I got the idea to maintain one separate file that had these dates in it
(some MS Access training gave me that idea), and then using VLOOKUP formulas,
have each workday refer to the holidayspreadsheet.
After much trial & error, I finally got everything to work right 100% of the
time.

#1 I have to open my Holiday file before opening anything else.
#2 I have to open any other files that my mainspreadsheetlinks to.  (I
have thousands of lookup formulas in my files.)
#3 I PW-protected (actually encrypted w/ a PW) thespreadsheetso that no
one could open it.
#4 I made sure that anyone to whom I gave access to the mainspreadsheet
installed their Add-Ins (Analysis ToolPak, Analysis ToolPak-VBA, Conditional
Sum Wizard, Lookup Wizard, & Solver Add-in).
#5 Make sure all files linked with each other are Excel 2007 (*.xlsx) files.

Since following these steps, I no longer have this problem.  Step 1 is the
key to keeping the holiday formulas from being lost.  Everyone accessingthe
main file must open the holiday file too.
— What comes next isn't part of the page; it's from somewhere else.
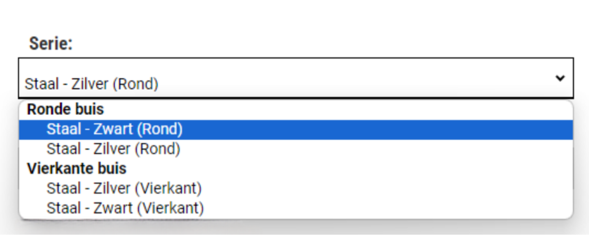 Met een serie kiezen bedoelen wij eigenlijk de kleur en het materiaal. Zo kun je meubels bestellen in staal zwart, staal zilver (ook wel gegalvaniseerd genoemd) of aluminium. Zit jouw serie er niet bij, dan kun je dit via de configurator aanpassen. Hier komen we later op terug bij het punt 'Open in 3D tool'. Bij ieder meubel hebben wij al de meest gekozen series toegevoegd.

(For a time I got the idea to simply make my holiday file tab/sheet #2 on my
mainspreadsheet.  Other linked spreadsheets were also added as tabs on the
main file.  This ensured that everything would be open.  That works, but it's
a huge pain if you need to update those subsequent tabs on a regular basis..  
You have to move (not copy) them from the mainspreadsheet, update the info,
and then move it back.  There are more things involved in doing this, but
that's the gist of it.  I would not recommend doing this because it gets
cumbersome.)

Hopefully, some or all of these will help you out with your specific
situation.  If not, let me know, and I'll see if there's something else I can
suggest that may help.
--
§ DAVEY §






- Show quoted text -
Hi,

If all the ways are not impossible. You may try a popular Excel file
recovery tool called Advanced Excel Repair to repair your Excel file.
It is a powerful tool to repair corrupt or damaged Excel files.

Detailed information about Advanced Excel Repair can be found at
http://www.datanumen.com/aer/

And you can also download a free demo version at http://www.datanumen.com/aer/aer.exe

Alan
 
Hi,

I have a client with a spreadsheet that keeps "corrupting" like this as you
describe.
Running on Windows Vista, Office 2007. On Opening the file the error is
"File Error : Data may have been lost" and the formula "Eomonth() " gets
replaced with "=#N/A".

I wasn't sure what was causing this, so I copied all the worksheets to a new
workbook and saved that as a new file. The error went away and then replaced
all the =#N/A with the correct formula's and saved again. The file opened a
couple of times ok...but then the error has returned in this new file.

It would seem there are definate problems with Excel 2007.